WHAT NEEDS TO BE DONE — In the records below, find the line containing "Highlights [Fabric] : Crafted" and repeat it and every line after it exactly, without pictures.

DATA SUPPLIED —
═══
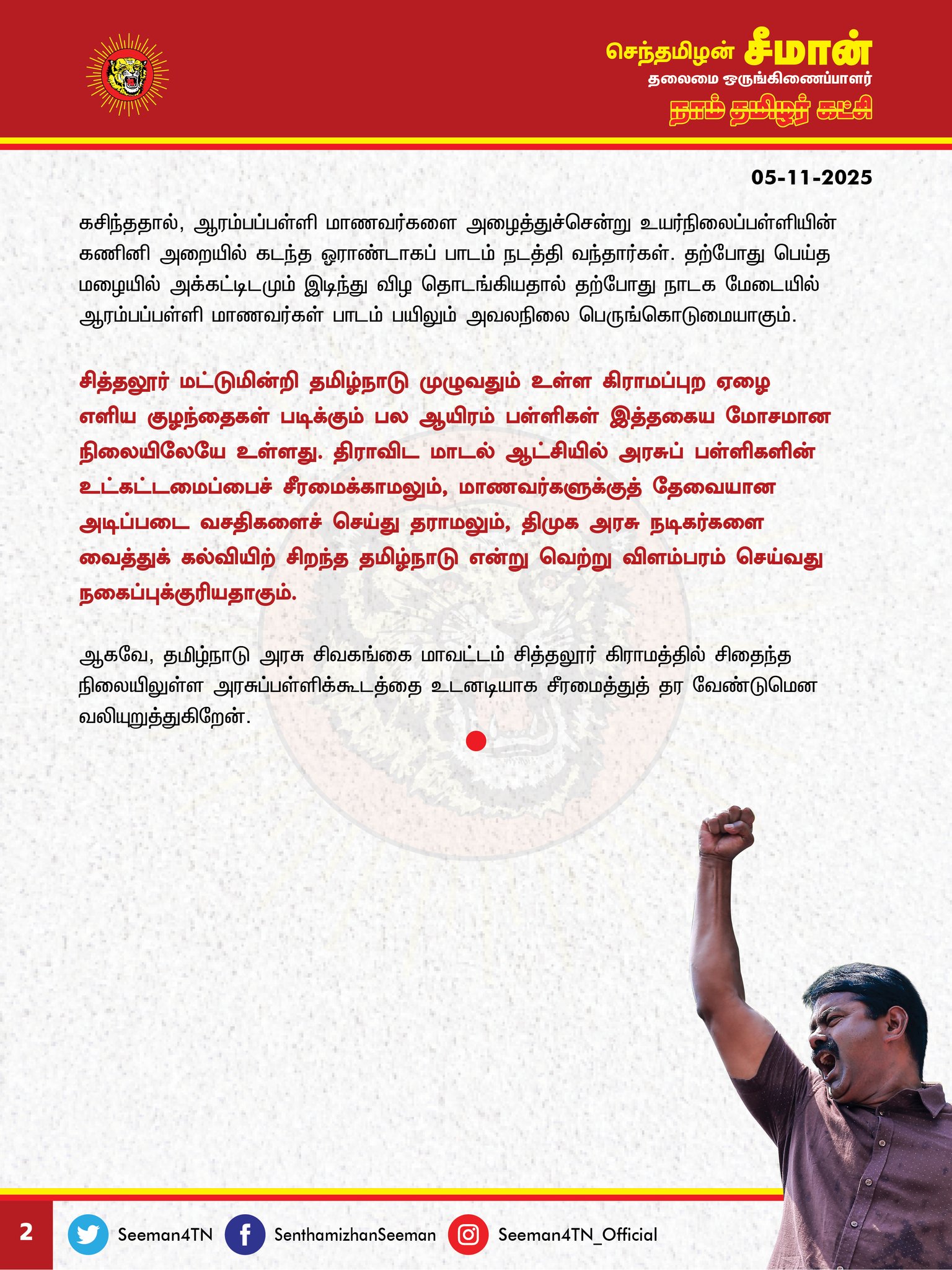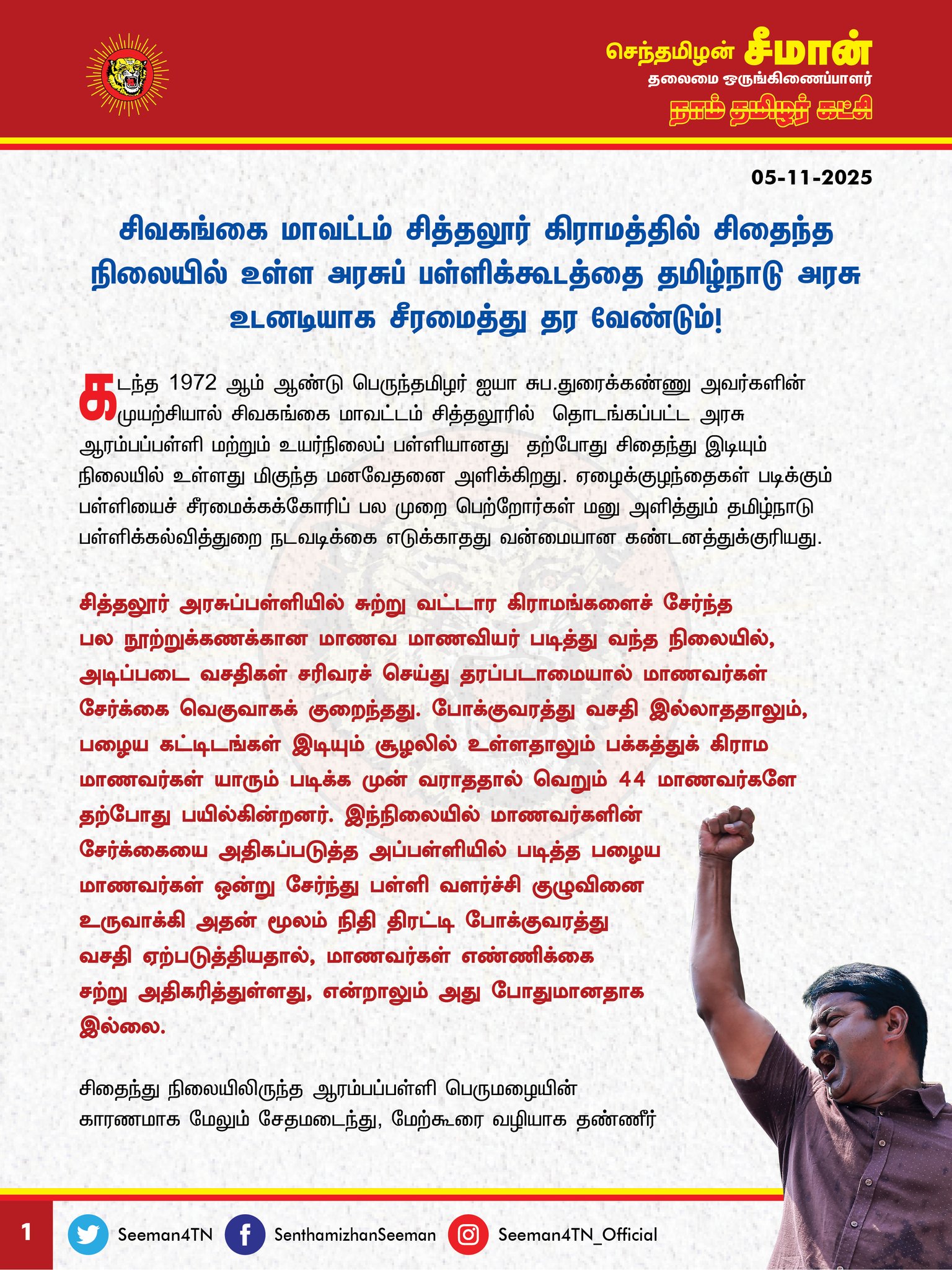 சிவகங்கை மாவட்டம் சித்தலூர் கிராமத்தில் சிதைந்த நிலையில் உள்ள அரசுப்பள்ளிக்கூடத்தை தமிழ்நாடு அரசு உடனடியாக சீரமைத்து தர வேண்டும்! – சீமான் வலியுறுத்தல்
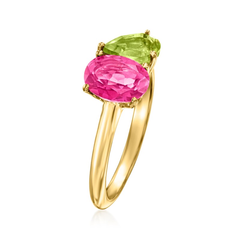 Ross-Simons 1.60 Carat Pink Topaz and .90 Carat Peridot Toi Et Moi Ring in 18kt Gold Over Sterling. Size 9
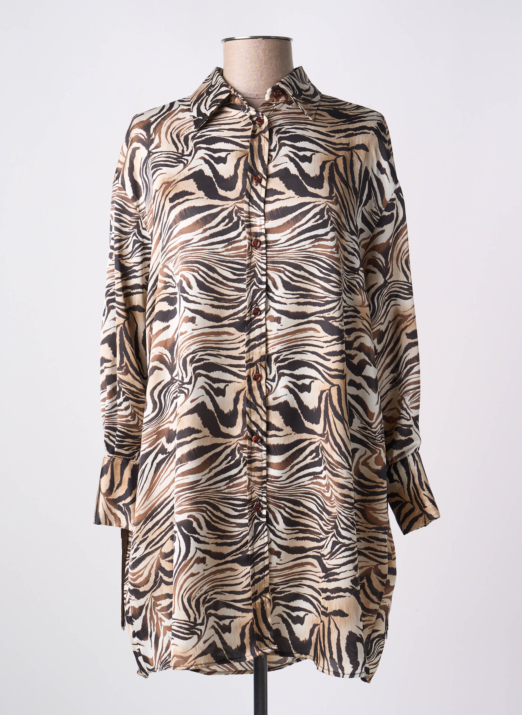 Plongez dans un univers sauvage avec la tunique à manches longues de la marque ANGELA DAVIS, une pièce qui associe audace et élégance. Son imprimé zébré captivant danse entre des nuances de beige, noir et caramel, attirant tous les regards. La coupe ample et fluide de cette tunique offre un confort optimal tout en permettant une grande liberté de mouvement. Dotée d'un col classique et de boutons sur toute la longueur, elle peut se porter seule pour un look décontracté ou s’accessoiriser pour une sortie plus habillée. Avec des manches ample et une longueur parfaite pour être associée à un pantalon ajusté ou un legging, cette pièce devient rapidement un essentiel de votre garde-robe.
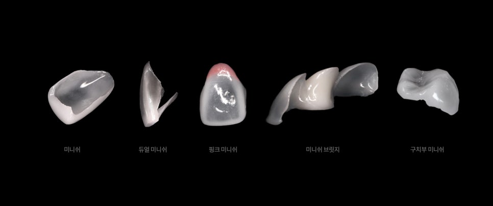 해당 과정에는 정밀가공기술이 뒷받침 되어 있는데요. 미니쉬는 자연치아와 가장 유사한 '미니쉬블록'을 사용하는데, 이는 밀링 방식으로 제작 됩니다. 때문에 변형이나 오차가 없으며 보다 정밀한 제작이 가능합니다. 이후 기공 연구원의 후가공을 통해 보다 얇은 비니어 제작에 돌입하며, 세상에 하나 뿐인 나만의 미니쉬가 탄생됩니다.
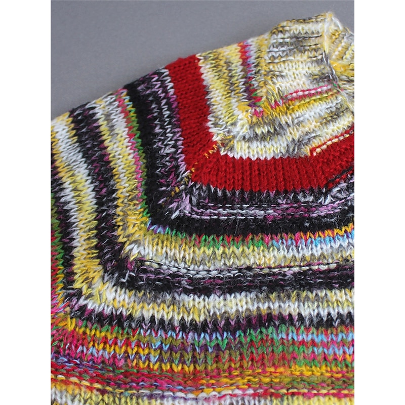 Highlights [Fabric] : Crafted from a high-quality polyester blend, this cardigan offers a soft and cozy feel, perfect for layering during the fall and winter seasons. The material provides a comfortable micro-elastic fit that ensures ease of movement and all-day comfort. [Fit] : Designed in a loose fit, this cardigan features a relaxed silhouette that provides a casual yet stylish look. The open-front design enhances its versatility, allowing it to easily complement various tops and bottoms for a chic, laid-back ensemble. [Design Highlights] : The cardigan showcases a vibrant rainbow pattern with multicolored stripes in hues of red, purple, green, blue, and yellow, adding a lively and eye-catching element to your wardrobe. The ribbed knit style enhances the texture and warmth of the piece, while practical pocket details add functionality and flair. [Occasions] : This versatile piece is perfect for daily use, outdoor activities, and weekend outings during the cooler seasons. Its vibrant design and comfortable fit make it an ideal choice for vintage and casual style enthusiasts looking to add a splash of color to their ensembles. [Size Range] : Available in sizes S, M, L, and XL, catering to a variety of body types and ensuring a flattering fit for everyone.
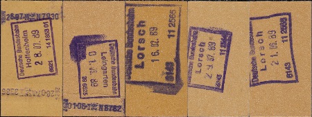 obere Reihe: Zonenorientierte einfache Fahrkarten voller Preis aus a) Leingarten vom 20.06.89, b) Leingarten vom 09.06.89, c) Lorsch vom 11.05.89, d) Lorsch vom 27.02.89 und e) Lorsch vom 12.07.89.
═══
YOUR SOLUTION —
 Highlights [Fabric] : Crafted from a high-quality polyester blend, this cardigan offers a soft and cozy feel, perfect for layering during the fall and winter seasons. The material provides a comfortable micro-elastic fit that ensures ease of movement and all-day comfort. [Fit] : Designed in a loose fit, this cardigan features a relaxed silhouette that provides a casual yet stylish look. The open-front design enhances its versatility, allowing it to easily complement various tops and bottoms for a chic, laid-back ensemble. [Design Highlights] : The cardigan showcases a vibrant rainbow pattern with multicolored stripes in hues of red, purple, green, blue, and yellow, adding a lively and eye-catching element to your wardrobe. The ribbed knit style enhances the texture and warmth of the piece, while practical pocket details add functionality and flair. [Occasions] : This versatile piece is perfect for daily use, outdoor activities, and weekend outings during the cooler seasons. Its vibrant design and comfortable fit make it an ideal choice for vintage and casual style enthusiasts looking to add a splash of color to their ensembles. [Size Range] : Available in sizes S, M, L, and XL, catering to a variety of body types and ensuring a flattering fit for everyone.
 obere Reihe: Zonenorientierte einfache Fahrkarten voller Preis aus a) Leingarten vom 20.06.89, b) Leingarten vom 09.06.89, c) Lorsch vom 11.05.89, d) Lorsch vom 27.02.89 und e) Lorsch vom 12.07.89.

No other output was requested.